If there is a question Miller might have interrogated more deeply, it is why so many women like Tessa are, consciously or unconsciously, complicit in the undermining of other women? Why, as Prima Facie suggests, do we need to find ourselves on the other side of the equation before we recognise the insidiousness of the particular social or legal structures we are upholding? Why are we persuaded to believe that trying to beat men at their own game is the only way for women to make their mark?
Miller goes some way towards answering these questions in giving Tessa a working-class background and a compelling need to prove herself worthy of her place in prestigious chambers, surrounded as she is by the offspring of judges and products of the private school system. For all her mockery of posh schoolgirls and ponderous judges, Tessa can’t shake the chip on her shoulder. While this impels much of her allegiance to the ‘legal truth’, it doesn’t entirely account for her refusal to acknowledge the full emotional toll being borne by the women she cross-examines. In allowing Tessa to doubt the law but not her own loyalty to it, Miller perhaps lets Tessa off too lightly.
As Tessa, Harbridge skilfully navigates the currents that carry her from exhilaration to confusion to despair. In a perceptively calibrated performance, Harbridge brings not only emotional heft to Tessa’s story but also a striking physicality, notes heightened by Lee Lewis’s sensitive direction. As Tess manoeuvres a single black office chair (set design by Renée Mulder), we witness the joy she takes in her own body, from her embodiment of those people she mimics and mocks to her abandoned dancing on a night out with colleagues. Not only does the sexual assault rob Tessa of her own agency in her body – her delight in her own sexuality – there is in Harbridge’s performance a palpable sense of the deadening shift in Tessa’s centre of gravity.
Watching Prima Facie in 2023, it is impossible not to feel the echo of what was, in effect, the trial of Brittany Higgins as she sought to press a case of sexual assault against her colleague Bruce Lehrmann. While Prima Facie deftly encapsulates the issues arising out of that aborted trial, there is now a sense that this is a play running behind the news rather than ahead of it.
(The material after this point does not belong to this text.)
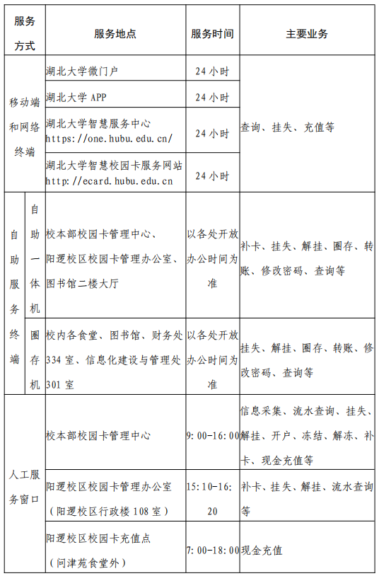 校园卡业务可通过移动端和网络终端、自助服务终端、人工服务窗口3种方式办理,具体服务地点及业务类型详见下表:

Notwithstanding, both the play and its real-life mirror ask the same pivotal question of our judicial system: why are the women in these cases forced to lay out their heart and soul for ‘the law’ to pick over, while the men are permitted not only to remain silent but also to let ‘the law’ do their speaking for them?
Prima Facie may offer no answer as to how we might make the legal system more equitable for victims of sexual assault while still enforcing a necessary right to the presumption of innocence. Nevertheless, it is a forceful and moving argument against the status quo.
Prima Facie (Melbourne Theatre Company) continues at the Fairfax Studio, Arts Centre Melbourne until 25 March 2023. Performance attended: 11 February.